Aber zumindest hatte sie eine ältere Schwester, die sie liebte.
Ganz gleich, was passierte.
Das lässt sich nicht mit Gold aufwiegen, dachte sie.
Rosa Porfiro verbrachte jeden Abend in einer Glaskabine in der
Tiefgarage eines der besten Hotels der Stadt und beobachtete,
wie Autos der Marken BMW und Mercedes oder Lamborghini
an ihr vorbeifuhren. Manchmal war auch ein altmodischer
Lincoln oder Caddy dazwischen. Sie saß auf ihrem Hocker und
begrüßte die Fahrer, und dann, wenn die Autos die Tiefgarage
verließen, überprüfte sie ihre Tickets und kassierte das Geld. In
der Garage parkten außerdem die Mitarbeiter des Hotels, und
sie kannte natürlich jeden von ihnen beim Namen, winkte
ihnen zu, wenn sie an den teuren Autos vorbeibrausten, und
zuckte zusammen, wenn sie bremsten und die Reifen auf dem
glatten, ölfleckigen Betonboden quietschten.
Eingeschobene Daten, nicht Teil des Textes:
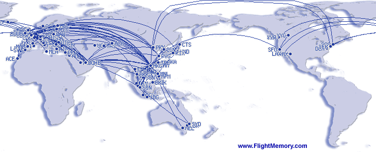 | Najdlhší let (vzdialenosť): | 7,966 mi, 15:11 h, Boston (Logan) - Hong Kong (International), 07.08.2016 |

Wenn ihre Schicht zu Ende war, wartete Rosa auf den
städtischen Bus, der sie von Nob Hill zu ihrer Straße im Sunset
District bringen würde, zwischen Golden Gate Park und Zoo.
Der Bus, sagte sie sich, kostete wahrscheinlich mehr als jedes
der Autos, die jede Nacht an ihr vorbeifuhren, aber natürlich
gehörte er nicht ihr und sein Fahrer stand nicht auf ihrer
persönlichen Gehaltsliste. Sie zahlte einen Dollar und setzte
sich auf ihren Platz. Trotzdem konnte sie sich keine bessere
Lösung wünschen. Sie hatte nie ein eigenes Auto gehabt und
würde wahrscheinlich auch nie eins besitzen. Sie würde ganz
bestimmt nie einen Jaguar oder Lexus fahren. Selbst wenn sie
sich einen leisten könnte angesichts der wenigen und teuren
Parkplätze würde der Bus immer ihre erste Wahl sein.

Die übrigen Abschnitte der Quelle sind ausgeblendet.